Page MenuHomePhabricator

Webservice stuck, won't stop, can't restart
Closed, ResolvedPublic

Description

On my tools autolist, catscan2 and file-siblings, the webservice has become unresponsive. Trying to stop or restart the service does not work.

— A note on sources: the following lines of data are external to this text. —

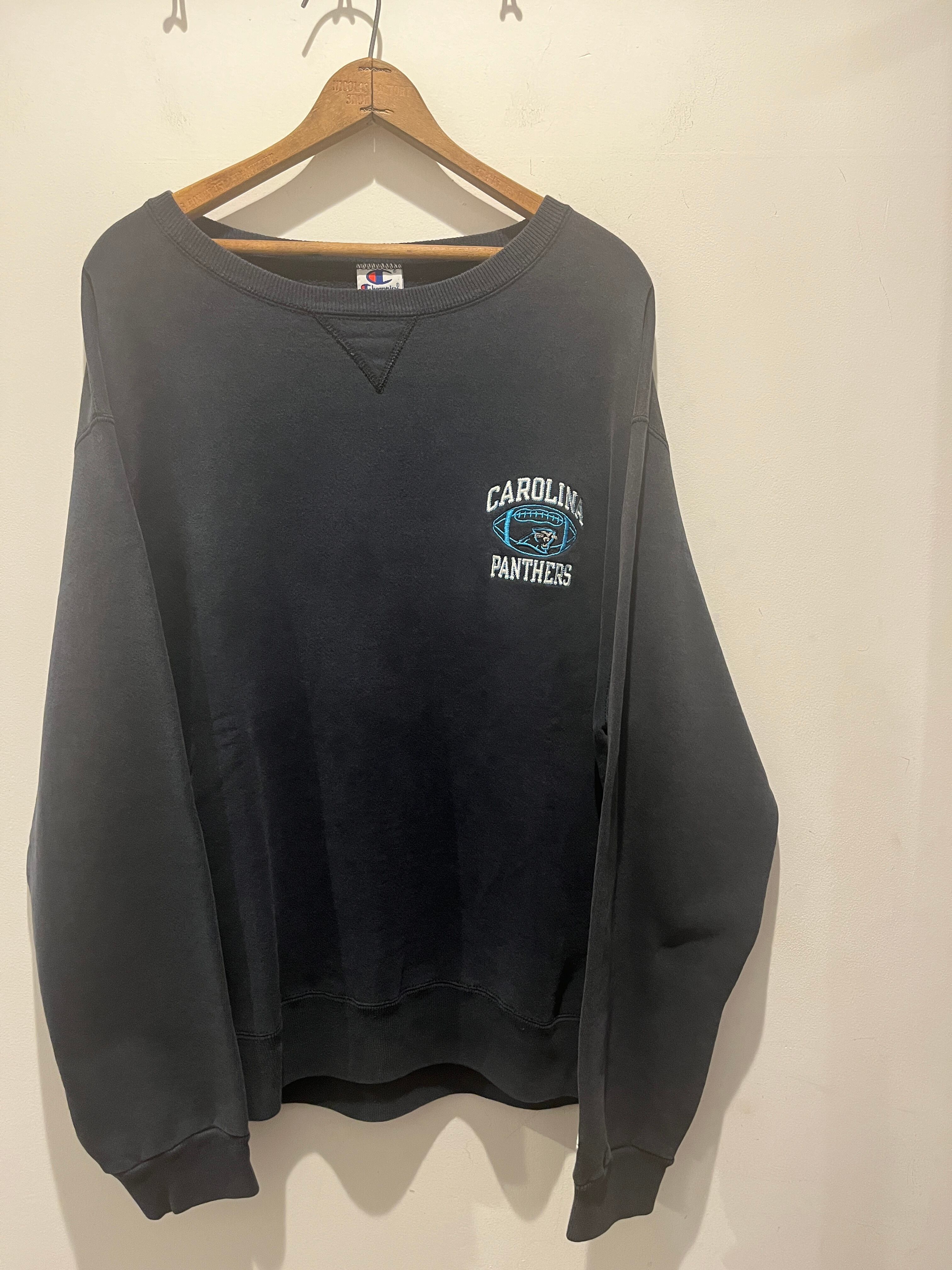 90年代アメリカ製チャンピオンのスウェットです。フェードしたネイビーボディにNFLチームのカロライナ・パンサーズの刺繍が胸に入ります。ラッセルの様な前V仕様で93%コットンと生地感もしっかりしていてユニセックスでオススメなスウェットです。
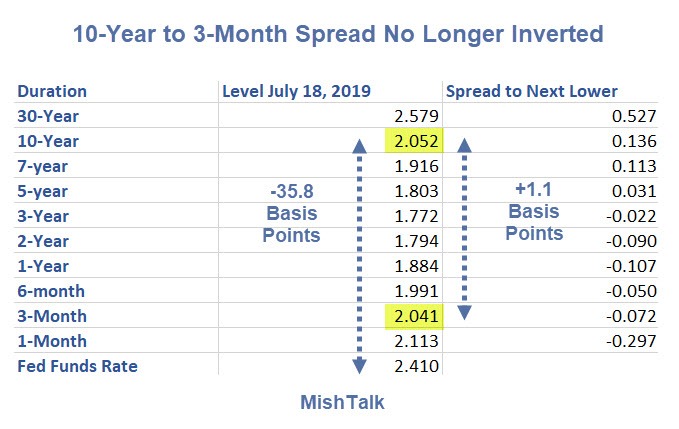This un-inversion, combined with the LEI data yesterday is a pretty strong signal that a recession will start in a year or so. Will it start before, or after the election?
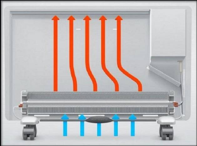 - нагревательный элемент. «Сердце» конвектора предоставлено в виде вольфрамовой спирали, которую сверху прикрывает керамическая трубка. Именно спираль нагревается от электричества, достигая разогрева максимум в 600 градусов Цельсия. В результате воздух в корпусе нагревается, затем выталкивается через вытяжные прорези;
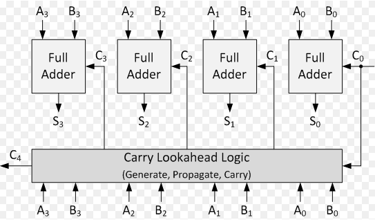 Il problema principale di questo addizionatore è che ogni full adder per andare avanti devo aspettare il calcolo del resto dell’adder precedente, questo crea dei rallentamenti. Il termine “ripple” indica che il riporto si propaga sequenzialmente da un bit al successivo, come un’onda. - Carry lookahaed adder: per risolvere il problema del ripple carry adder nasce questo tipo di addizionatore, che va a calcolare il resto in parallelo propagandolo in base a delle formule matematiche (funzioni e spiegato in seguito), tutto ciò lo rende più veloce e quindi viene ancora oggi usato dentro le ALU dei processori.

tools.file-siblings@tools-bastion-01:~$ webservice stop
Stopping web service..............................Timeout: could not stop job in 30stools.file-siblings@tools-bastion-01:~$ qstat
job-ID  prior   name       user         state submit/start at     queue                          slots ja-task-ID
-----------------------------------------------------------------------------------------------------------------
    771 0.34763 lighttpd-f tools.file-s dr    12/30/2015 04:10:42 webgrid-lighttpd@tools-webgrid     1

Event Timeline

Magnus created this task.Jan 19 2016, 1:12 PM
Magnus raised the priority of this task from to Unbreak Now!.
Magnus updated the task description. (Show Details)
Magnus added a project: Cloud-Services.
Magnus added a subscriber: Magnus.
Restricted Application added a subscriber: Aklapper. · View Herald TranscriptJan 19 2016, 1:12 PM
scfc added a subscriber: scfc.Jan 19 2016, 2:18 PM

All three tools's webservices run on tools-webgrid-lighttpd-1412 which seems to be overloaded as on login it is hanging after "The last Puppet run was at Mon Jan 18 17:09:23 UTC 2016 (1260 minutes ago)." and that line also means that Puppet couldn't successfully run probably due to insufficient load/memory, which in turn probably means that the SGE shepherd there can't be notified by the master to stop those webservices and report back. So if in the next few minutes I don't have a better idea, I'll reboot tools-webgrid-lighttpd-1412.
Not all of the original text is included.